Глава вторая
БАНДИТ БУДУЩЕЙ РЕВОЛЮЦИИ
1.
Торговец вечером закрывает свою лавочку: продевает крюк в шкворень ставня, торчащий в отверстии оконного косяка, вынимает выручку из кассы, задувает керосиновую лампу. Когда он поднимает взгляд – перед ним в темноте блестят лишь зубы, осклабившиеся в жуткой улыбке, и белки глаз.
Бедняга вскрикивает и бросается к двери! И там выход ему загораживает такой же невидимый злодей: оскал и буквально светящиеся глаза!
Бросается в сторону – и третий оскал говорит ему в лицо:
– Ты чего скачешь? Успокойся. Тихо стой, я сказал!
Стальной острый проблеск зеркально играет на уровне живота, и обмерший торговец судорожно втягивает воздух. Быстрые, ловкие, неласковые руки обшаривают его карманы, вынимают портмоне из одного кармана, аккуратный пакетик мелких жеваных купюр из другого, часы – из жилетного. Выдергивают из брюк ремень, сажают послушную жертву на стул:
– Ты шо, штанцы намочил? От робкий какой. Чи жалко так?
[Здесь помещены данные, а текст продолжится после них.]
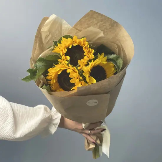 Солнечный букет из 3 крупных сезонных подсолнухов в стильной крафт-бумаге.Размер букета подсолнухов - около 30-35 см
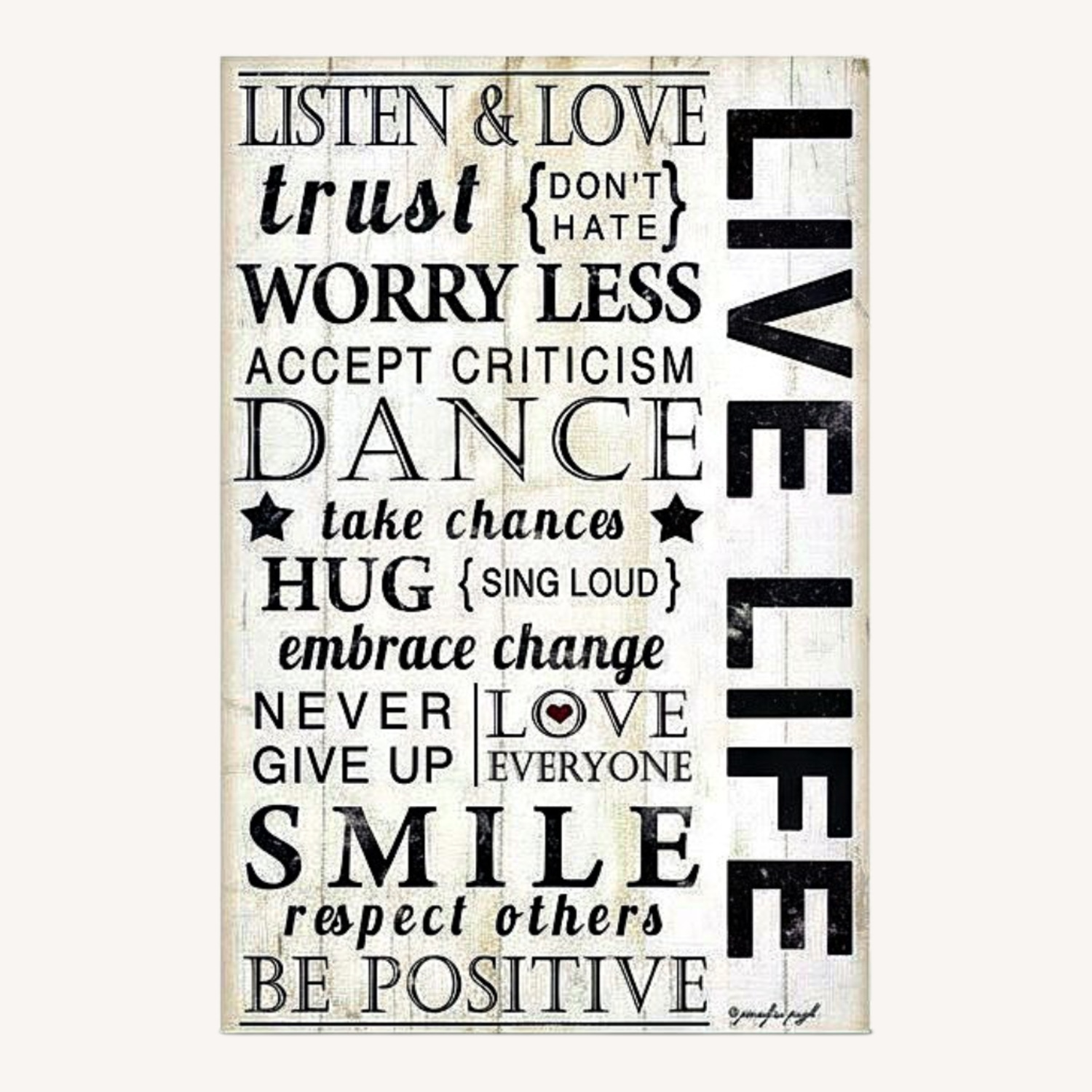 Poster Print entitled 'Live Life'. Off white background with rustic black typography about family sentiments. Multiple sizes available. Primary colors within this image include: White, Dark Gray, Light Gray. Made in USA. Satisfaction guaranteed. Archival-quality UV-resistant inks. Printed on high quality gloss finish paper with archival quality inks. Looks great in dorm rooms, kid rooms, offices, and more.

– Не жалко! – горячо убеждает торговец.
– От это правильно. Чаго их жалеть, гроши? Завтра тебе новых нанесут, верно?
Связывают ему руки позади спинки стула поплотнее, чтоб не сразу освободился. Рот затыкают носовым платком.
Глаза уже привыкли к темноте, и торговец различает три некрупных силуэта, причем лица такие же темные, как одежда, невидные в темноте, хотя кисти рук слабо белеют.
– Доброго здоровьичка. Тихо сиди! Не то в другий раз спалим!..
И исчезают.
2.
Лунный вечер, и трое моются у колодца.
– А не отмывается тая сажа, – жалуется один голос. – Гришка, сбегай мыло принеси.
Другой брат пересчитывает деньги, сбиваясь и морщась:
– Сто пятьдесят один целковый… – Вертит у носа часы: – Золотые, кажись…
3.
На конспиративной квартире заседает «комитет» – профессиональные подпольщики, социалисты и анархисты: и десятка человек не насчитает кучка за столом.
–. Мы вкладываем эти сто пятьдесят рублей в общую кассу, – Антони кладет деньги на стол, – на том лишь условии, что как только набирается пять тысяч – они идут на доставку оружия и взрывчатки из Румынии.
– Кажется, уже договорились, что первая тысяча идет товарищам в Екатеринослав на издание газеты, – нервно перебивает социал-демократ в клочковатой бородке и треснувшем пенсне.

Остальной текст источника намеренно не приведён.